平成29年版通商白書に見るわが国企業の課題

山田 肇

経済産業省が『平成29年版通商白書』を発表した。第Ⅱ部第3章「イノベーションを生み出す新たな産業社会の創造に向けた取り組み」は、わが国企業の課題を鋭く指摘している。

OECDによる企業アンケート調査結果を再整理した「各種イノベーションを実現した企業の割合」によると、新規または大幅に改善された製品・サービスの導入で第一位カナダの40%に対して日本は第六位15%で、カナダに加えドイツ・イタリア・フランス・米国の後塵を拝している。

新規マーケティング方法の導入では第一位ドイツ34%で日本第四位22%、新規または大幅に改善された生産工程・配送方法等の導入ではカナダ第一位36%に対して日本第五位15%、企業の業務慣行・職場組織または社外関係に関する新しい方法の導入でも第一位フランス34%に対して日本は第4位で24%である。

無形固定資産投資額の各国比較も記載されている。米国では研究開発・資源探索権・著作権などの革新的資産への投資が59%で、情報化資産への投資が22%を占める。これに対して日本の場合には革新的資産は42%、情報化資産への投資は11%と低い。しかも、両国企業は2000年ごろからそれぞれほぼ同じ傾向なので、米国企業に対する日本企業の遅れは累積され続けている。

つまり、わが国の企業は新製品・サービスを市場に投入せず、新規マーケティング方法を採用せず、新しい生産工程・配送方法等にも無関心で、企業の業務慣行や社外関係の改善にも躊躇している。そのうえ、革新的資産や情報化資産への投資にも不熱心。これでは競争力が強化されるはずもない。
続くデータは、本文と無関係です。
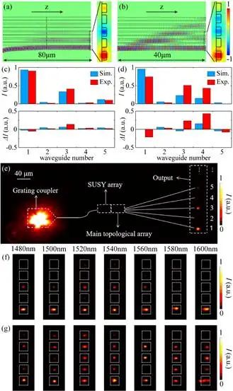 在仿真和實驗中,研究人員設(shè)計了超對稱輸入的SSH波導(dǎo)陣列和作為對照的單波導(dǎo)輸入的SSH波導(dǎo)陣列。對這兩種結(jié)構(gòu)進(jìn)行全波仿真,超對稱輸入結(jié)構(gòu)激發(fā)出了準(zhǔn)確的模式,保持了良好的局域性,而單波導(dǎo)輸入陣列輸出的振幅和相位都發(fā)生了錯亂(圖3(a,b))。在實驗中,將1550 nm波長的激光耦合輸入到界面附近的波導(dǎo),并將輸出端的信號引出(圖3(e))。測量得到超對稱輸入陣列的輸出與仿真和理論計算結(jié)果基本吻合,而單波導(dǎo)輸入陣列的輸出的局域性顯著變差(圖3(c,d))。此外,超對稱輸入陣列具有較好的寬帶性,而單波導(dǎo)輸入陣列的輸出隨波長增大,其局域性變差(圖3(f,g))。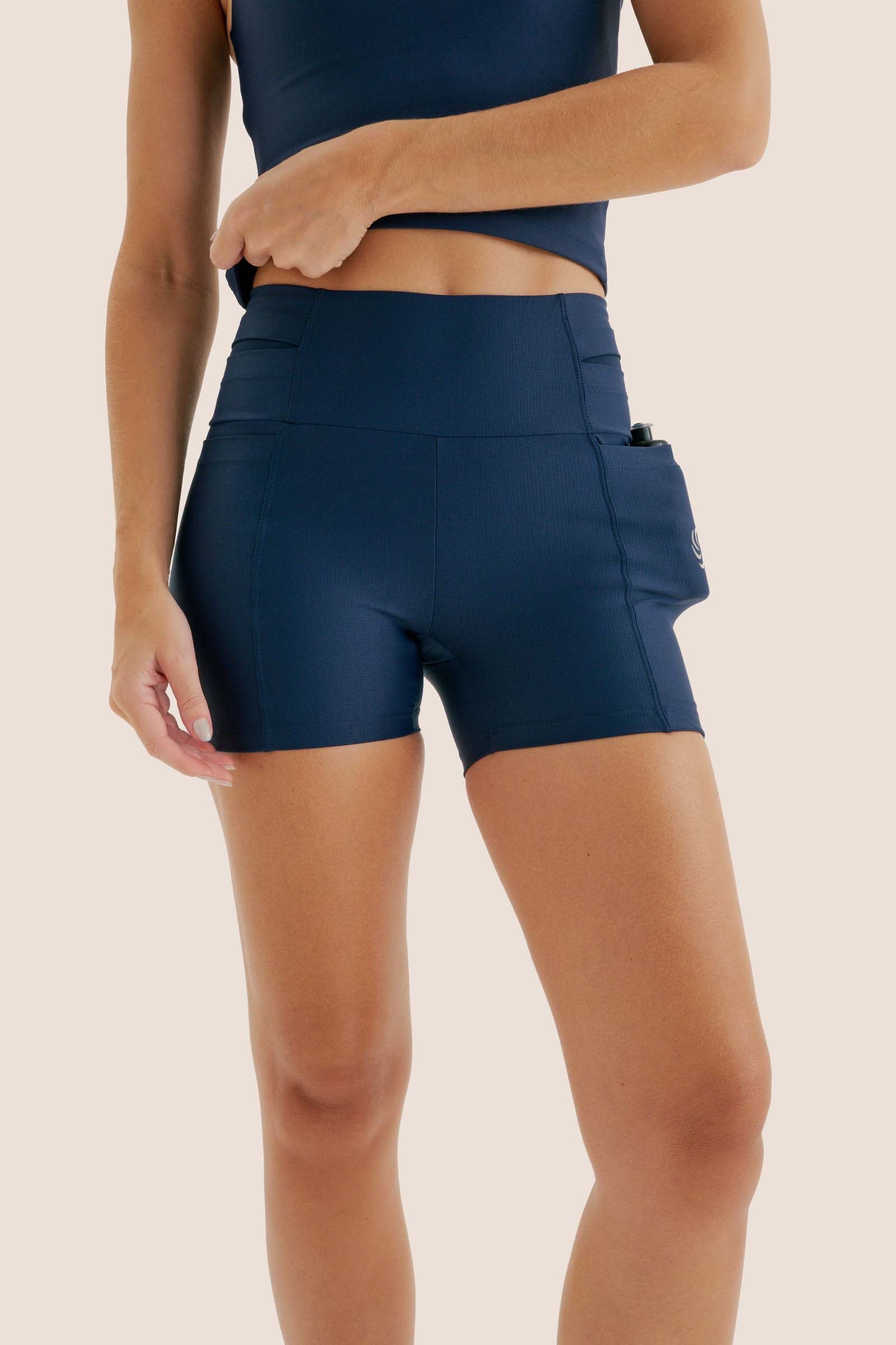 de compressão com bolsos marinho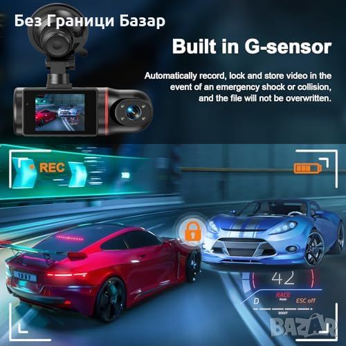 Заключване при аварийни ситуации: G-сензор, който автоматично заключва текущото видео при удар или сътресение.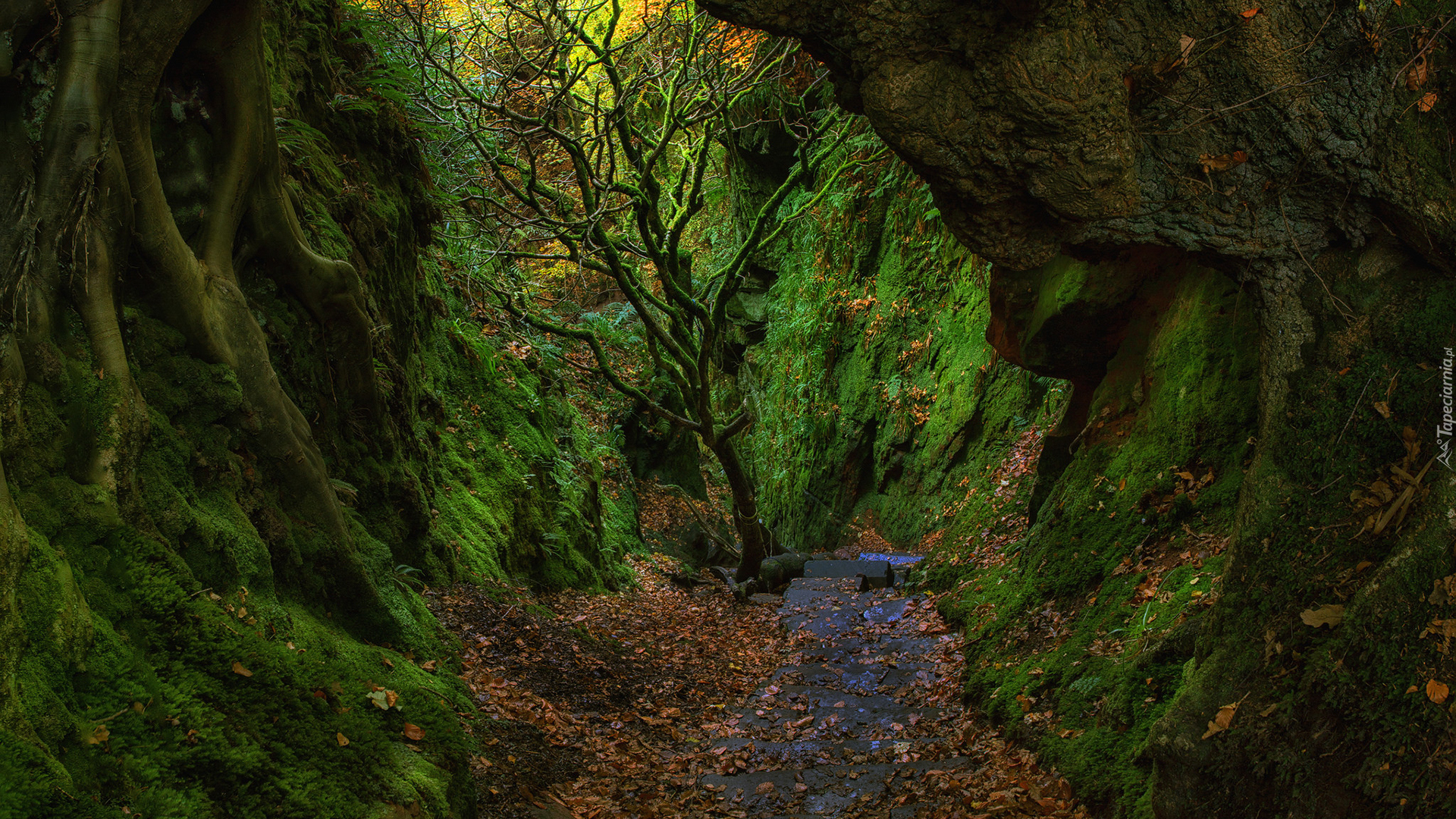 Edytor tapety: Diabelskie schody w wąwozie Finnich Glen w Szkocji
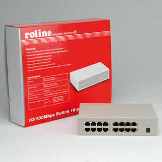ROLINE RS-116D 10/100 Switch, 16 Ports. Switch type: Unmanaged network switch, Switch layer: L2. MAC address table: 8000 entries, Maximum data transfer rate: 0.1 Gbit/s. Data link protocols: Fast Ethernet. Power consumption (typical): 6 W. Data transfer rate: 10 Mbit/s, Dimensions (WxDxH): 184 x 124 x 44 mm, Connectivity technology: Wired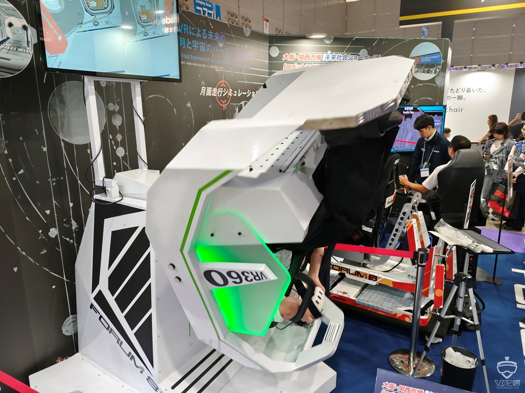 日本的3D软件生产商FORUM8主要开发并提供各种交互式3D VR仿真、建模和工程软件。现场展示的是曾在大阪·关西世博会机器人体验区出展的《VR月球与宇宙虚拟体验》(VRによる月と宇宙のバーチャル体験)。借助VR头显和可360度旋转的座椅,用户能体验月球表面行走、太空建设,以及在国际空间站“希望号”舱内漫游。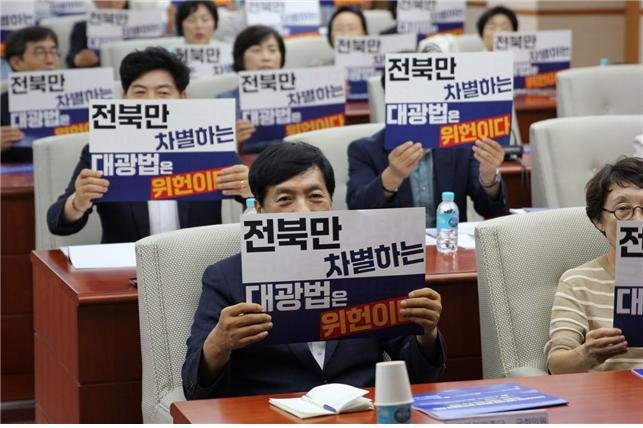 이들은 "전북은 특별시나 광역시가 없다는 이유로 대광법에서 제외돼 법 제정 후 17년 동안 한 푼의 예산도 받지 못했다"라며 "이에 따라 177조원의 국비가 수도권, 부산·울산권, 대전권, 광주권, 대구권에 집중됐다"고 지적했다.

通商白書は現状を打破するために「人的資本投資を強化し、イノベーションを実現し、過当競争に巻き込まれない価格決定力の高い差別化された製品・サービスで、国内市場に留まらずグローバルな市場を開拓していくこと」をわが国企業に求めている。しかし、「世界と隔絶した日本のCEO意識」がその根底にあるのならば、経営陣の入れ替えから始める必要がある。